GPU servers are 85-90% of CapEx. The remaining 10-15% covers InfiniBand switches (the high-speed network connecting servers), fiber optic transceivers, management servers, racks, power distribution units, installation, and 3-year NBD OEM support from Dell, Lenovo, or Supermicro.[1]

Enterprise GPU procurement runs 55-70% off MSRP (manufacturer's suggested retail price), based on procurement deals we have reviewed as of Q1 2026.[1] Fiber optic transceivers carry even heavier markups. List price is not a useful reference for modeling real costs.

The simulator default of $46,000 is the average across private B200 deals we have reviewed as of Q1 2026.[1] B300 servers run roughly $62,000/GPU all-in, a 35% premium driven by the move to liquid cooling and higher-TDP components.

Electricity

Most colocation contracts bundle electricity, labor, and services into one monthly per-kW rate. The simulator splits electricity out as a separate line. That way you can compare different power markets (Texas vs. Pacific Northwest vs. California) without changing the facility cost for space, cooling infrastructure, security, and remote hands. In a real contract those costs move together, but isolating electricity makes location trade-offs visible.

The default is $0.07/kWh, a typical Texas data center power rate. Texas is the most active US market for new GPU deployments because of deregulated power and available capacity. National average for commercial data center power is $0.08-$0.12/kWh. California runs $0.14+. Pacific Northwest hydro markets dip below $0.035.[2]

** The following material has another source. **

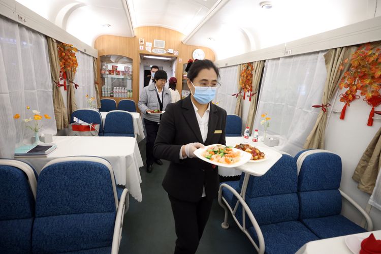 这趟旅游专列随车配备8名专业厨师和两名医护人员。11点半,8号餐车已开始供应午餐。
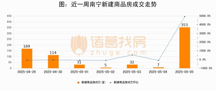 【南宁成交日报】05月05日新房成交353套;涨价房源44套

Electricity cost depends on three variables: GPU power draw, the PUE (Power Usage Effectiveness) of the facility, and the utility rate.

PUE

PUE is the ratio of total facility power to IT equipment power. A PUE of 1.35 means 35% overhead for cooling and power distribution.

The industry average is 1.58, flat for six consecutive years. Weighted by capacity, it drops to 1.47.[3] Best-in-class liquid-cooled sites hit 1.10-1.15. Air-cooled GPU facilities run 1.3-1.5. The default of 1.35 represents a typical air-cooled GPU colocation facility. The simulator adjusts PUE automatically when you switch cooling types.

GPU power draw

The B200 ships at two power profiles. Air-cooled: 1,000W per GPU. Liquid-cooled: 1,200W per GPU.[4] The simulator uses the air-cooled figure, which means each 8-GPU server draws roughly 12 kW. The per-GPU figure includes server overhead: 1.5 kW/GPU for B200 air, 1.75 kW/GPU for B200 liquid or B300 air, 2.25 kW/GPU for B300 liquid, 1.25 kW/GPU for H100/H200. Multiply by GPU count for IT load, then by PUE for total facility power.

Monthly power cost

At the defaults (576 GPUs x 1.5 kW x PUE 1.35 = 1,166 kW facility load), the cluster draws about $60,000/month in electricity at $0.07/kWh. That is $715K per year, or roughly 5.2% of year-one revenue.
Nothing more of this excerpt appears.